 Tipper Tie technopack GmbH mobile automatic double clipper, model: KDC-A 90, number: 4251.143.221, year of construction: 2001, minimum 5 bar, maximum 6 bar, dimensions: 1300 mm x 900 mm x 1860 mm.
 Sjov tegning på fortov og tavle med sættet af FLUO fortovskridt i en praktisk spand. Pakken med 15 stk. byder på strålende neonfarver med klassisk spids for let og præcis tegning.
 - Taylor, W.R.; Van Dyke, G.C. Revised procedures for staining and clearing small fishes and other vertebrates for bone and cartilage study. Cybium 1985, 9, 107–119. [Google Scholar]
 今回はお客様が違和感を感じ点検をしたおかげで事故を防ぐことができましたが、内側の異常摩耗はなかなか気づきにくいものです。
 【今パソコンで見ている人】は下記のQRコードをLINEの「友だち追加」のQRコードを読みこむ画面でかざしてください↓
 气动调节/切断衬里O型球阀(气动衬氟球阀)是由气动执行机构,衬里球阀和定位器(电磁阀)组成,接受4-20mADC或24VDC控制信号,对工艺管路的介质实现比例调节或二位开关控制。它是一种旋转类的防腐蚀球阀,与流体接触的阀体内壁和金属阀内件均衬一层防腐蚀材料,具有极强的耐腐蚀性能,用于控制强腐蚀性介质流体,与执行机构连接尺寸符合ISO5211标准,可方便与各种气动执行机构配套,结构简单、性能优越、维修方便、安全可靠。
---
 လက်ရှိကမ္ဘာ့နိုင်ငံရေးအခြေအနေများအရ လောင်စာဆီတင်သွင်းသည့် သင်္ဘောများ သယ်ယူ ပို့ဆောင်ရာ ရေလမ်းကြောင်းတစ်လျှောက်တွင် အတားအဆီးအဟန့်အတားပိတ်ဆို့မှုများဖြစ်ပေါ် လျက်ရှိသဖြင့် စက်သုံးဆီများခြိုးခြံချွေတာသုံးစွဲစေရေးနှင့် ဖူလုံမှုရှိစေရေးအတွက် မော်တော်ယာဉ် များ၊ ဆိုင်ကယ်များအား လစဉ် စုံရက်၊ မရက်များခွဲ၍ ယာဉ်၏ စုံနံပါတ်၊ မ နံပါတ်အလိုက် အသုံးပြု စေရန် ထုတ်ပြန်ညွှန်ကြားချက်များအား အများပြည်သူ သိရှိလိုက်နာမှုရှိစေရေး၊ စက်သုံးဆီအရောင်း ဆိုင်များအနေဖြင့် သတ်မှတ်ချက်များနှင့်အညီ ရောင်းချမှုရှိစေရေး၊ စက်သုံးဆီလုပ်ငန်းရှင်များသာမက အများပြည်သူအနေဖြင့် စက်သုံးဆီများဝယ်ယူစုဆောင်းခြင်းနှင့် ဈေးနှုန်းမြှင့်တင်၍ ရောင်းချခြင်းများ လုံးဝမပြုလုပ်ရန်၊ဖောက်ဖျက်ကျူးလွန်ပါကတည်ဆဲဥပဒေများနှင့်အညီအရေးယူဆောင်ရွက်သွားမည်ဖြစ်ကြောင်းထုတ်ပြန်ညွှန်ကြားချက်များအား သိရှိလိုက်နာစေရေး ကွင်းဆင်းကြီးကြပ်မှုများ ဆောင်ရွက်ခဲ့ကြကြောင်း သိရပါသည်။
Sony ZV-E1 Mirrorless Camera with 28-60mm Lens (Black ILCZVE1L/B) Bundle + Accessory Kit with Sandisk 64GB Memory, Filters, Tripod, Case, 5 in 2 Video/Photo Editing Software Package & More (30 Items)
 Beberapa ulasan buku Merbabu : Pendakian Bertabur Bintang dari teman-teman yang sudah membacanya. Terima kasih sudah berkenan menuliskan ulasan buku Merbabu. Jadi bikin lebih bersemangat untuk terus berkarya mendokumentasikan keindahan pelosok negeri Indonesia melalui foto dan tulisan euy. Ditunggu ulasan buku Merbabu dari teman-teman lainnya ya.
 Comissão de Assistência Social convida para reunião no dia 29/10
* * *
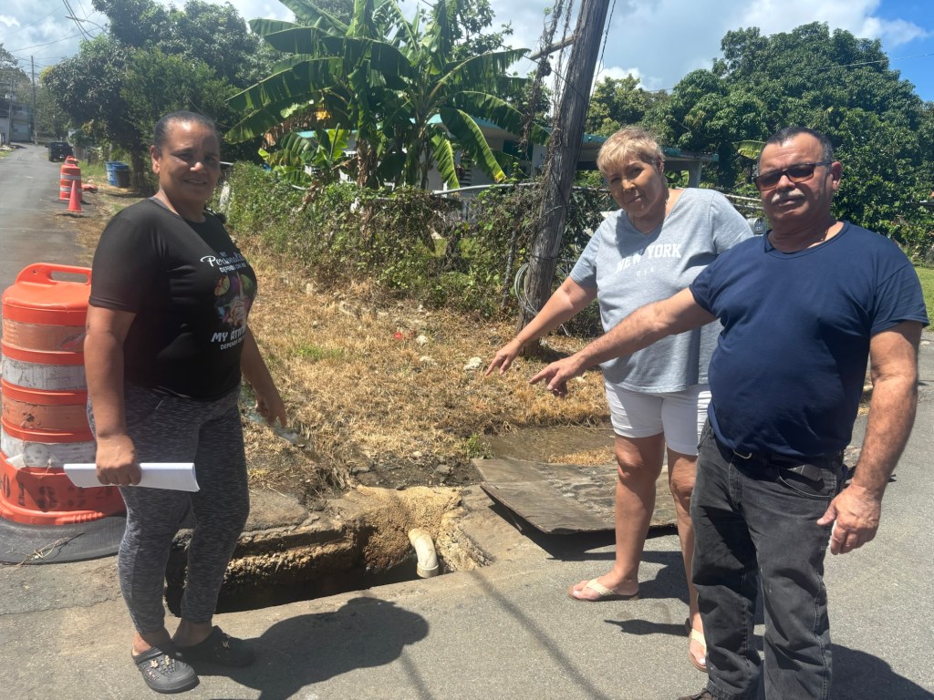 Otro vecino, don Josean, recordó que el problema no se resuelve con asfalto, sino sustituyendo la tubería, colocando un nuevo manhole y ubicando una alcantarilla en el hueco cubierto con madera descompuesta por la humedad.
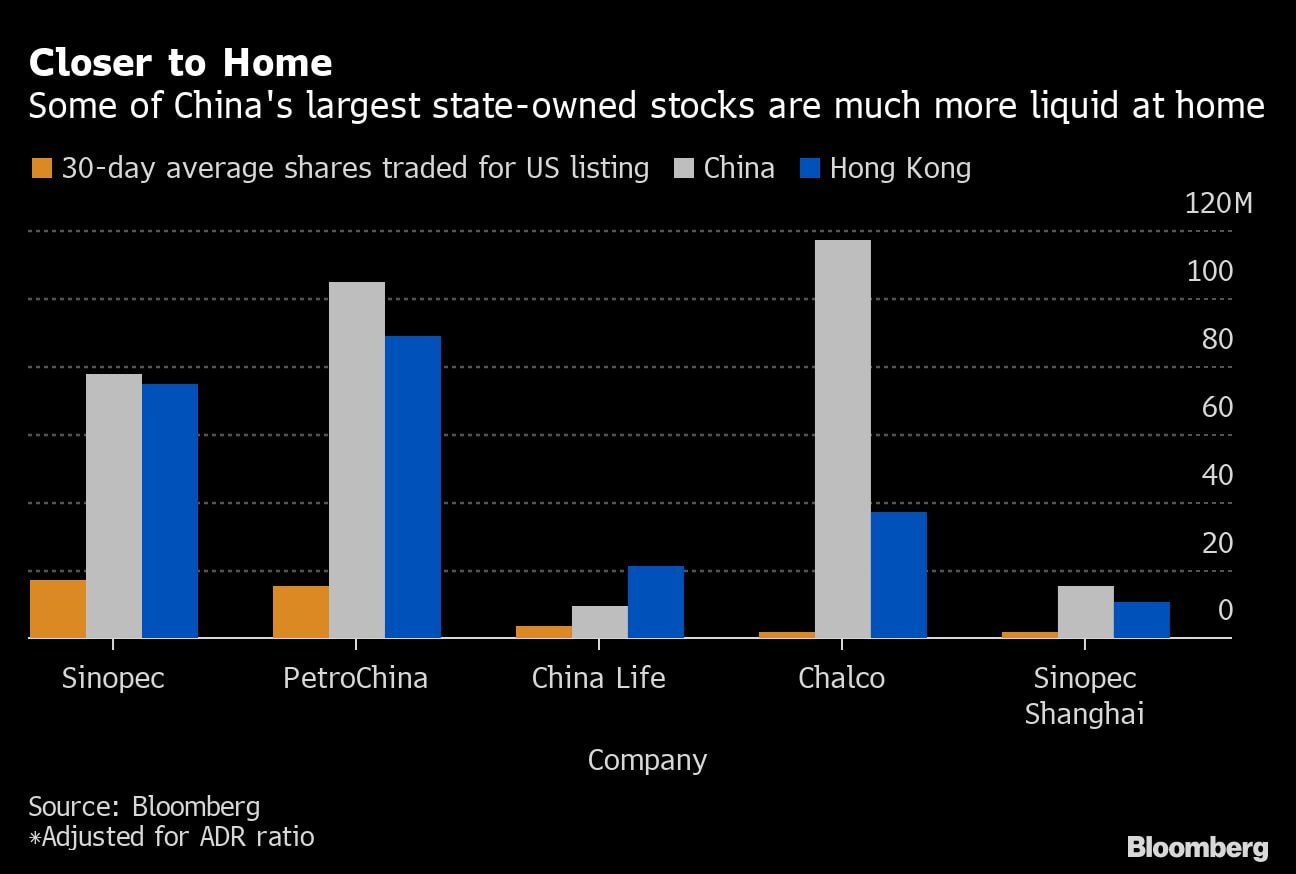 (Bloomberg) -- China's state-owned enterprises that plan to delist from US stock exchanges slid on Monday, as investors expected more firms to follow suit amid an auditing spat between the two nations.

ACTIVITY: Retype only the stretch of lines above starting at the one with "Tipper Tie technopack" and stopping at the one with "Sjov tegning på", exactly as written, with both kept.

RESPONSE TO THE TASK:
 Tipper Tie technopack GmbH mobile automatic double clipper, model: KDC-A 90, number: 4251.143.221, year of construction: 2001, minimum 5 bar, maximum 6 bar, dimensions: 1300 mm x 900 mm x 1860 mm.
 Sjov tegning på fortov og tavle med sættet af FLUO fortovskridt i en praktisk spand. Pakken med 15 stk. byder på strålende neonfarver med klassisk spids for let og præcis tegning.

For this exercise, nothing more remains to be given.